Among the many improvements to iOS 10 — stickers, confetti, and sketches, oh my! — one of the most talked about and eagerly anticipated might be the massive emoji update. Earlier this year, the Unicode Consortium approved dozens of icons that are more inclusive (finally, a rainbow flag), less gender specific (women can be police officers, too!), and more realistic looking than they have been in the past.
But, for all of the progress that emoji have seen over the years with regard to greater diversity, there’s still much that needs to happen. Thanks to one 15-year-old girl, attention is being called to one of the biggest omissions to date: There is no emoji of a woman wearing a hijab, or headscarf.
Rayouf Alhumedhi, a teenager from Saudi Arabia, just submitted a proposal to add the very necessary hijab emoji.

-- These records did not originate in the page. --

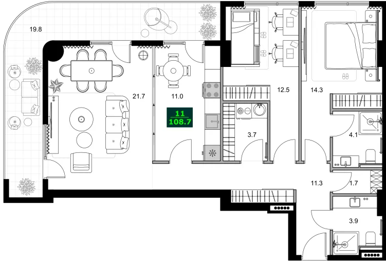 总面积:108.7 m²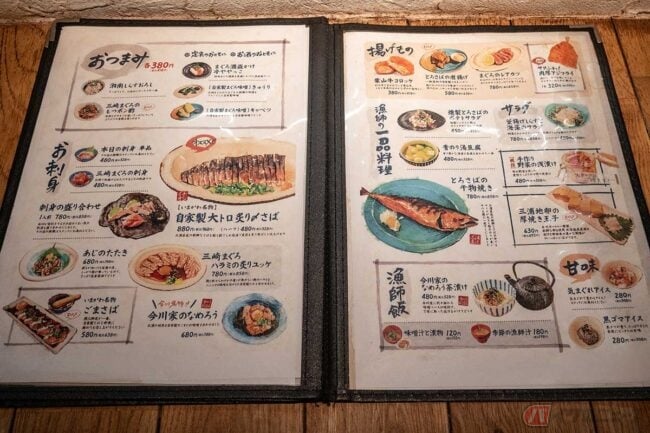 ここで恒例の葛藤が始まります。気持ち的には「ごまさば丼」に完全に持っていかれてますが、使命感としては「肉厚アジフライ定食」。いつも通り悩みみながらメニューのページをめくると、単品があるではないですか! しかも定食と同じ「肉厚アジフライ」です。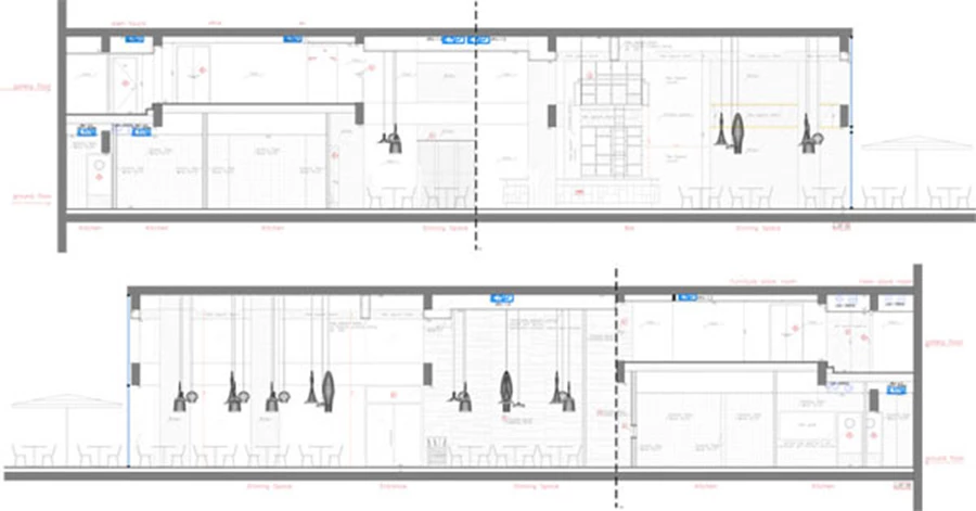 את החלל המתנשא לגובה כפול ומשתרע על שטח של 225 מ"ר פרש התכנון של הלפרין לשתי קומות בהן מוקמו הפונקציות הנדרשות: קומת הכניסה היא מרחב האירוח/סועדים שבשטחה נכלל גם המטבח כחלל נדיב מידות שנועד לספק מענה של שירות מהיר ואיכותי. הקומה העליונה תוכננה כקומת גלריה המרכזת בשטחה את אחסון המזון וכן את חלל השירותים, כאשר אגב כך ניתן לחוות את החלל גם מלמעלה במבט על.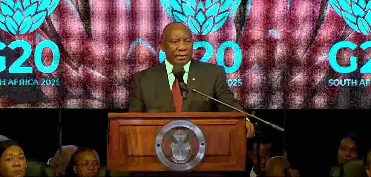 二十國集團(G20)外長會議在南非約翰內斯堡國家展覽中心開幕,南非總統拉馬福薩致辭央視新聞客户端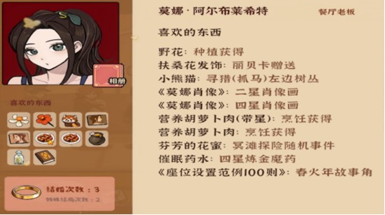 莫娜在火山的女儿中担任厨师角色,擅长为队伍制作美味餐点。她对睡火莲同样有较高好感,赠送后可获得5点好感提升。此外,勿忘我也能被接受,增加2点好感。值得注意的是,莫娜并不喜欢所有类型的礼物,因此避免赠送无关物品是维持好感的关键。通过合理送礼,可以让她在后续剧情中发挥更大作用。

The proposal was also backed by Jennifer 8. Lee, an American journalist and the CEO of the literary studio Plympton, as well as Alexis Ohanian, the cofounder of Reddit.
Alhumedhi, who is currently living in Berlin, began wearing a hijab when she was 13. She decided to submit the seven-page proposal about the history of the hijab and its importance after she created a group chat with friends on WhatsApp.
"The chat name was supposed to be [made up of] emojis of ourselves," Alhumedhi told Refinery29 in an email. "Obviously, I had no emoji that represented me — woman in headscarf — which got me thinking. Why isn't there an emoji that represents me and the millions of women across the globe? If there are four emojis that show the four stages of a mailbox, why isn't there one for the 500 million women that wear a headscarf? It made no sense to me whatsoever."
In the proposal, Alhumedhi, Lee, and Ohanian note that the only widespread social platform with an emoji of a woman in a hijab is Bitmoji. And, although there is an emoji of a woman in a turban, a simple Instagram search for "hijab" reveals far more photos than a search for "turban," showing that there is certainly plenty of demand for this particular emoji.
It took years for us to see women in emoji professions beyond the stereotyped dancer, party girl, and princess. The Unicode Consortium seems to be working more swiftly than it used to, though, so hopefully we'll see this emoji added to the mix in smartphones soon.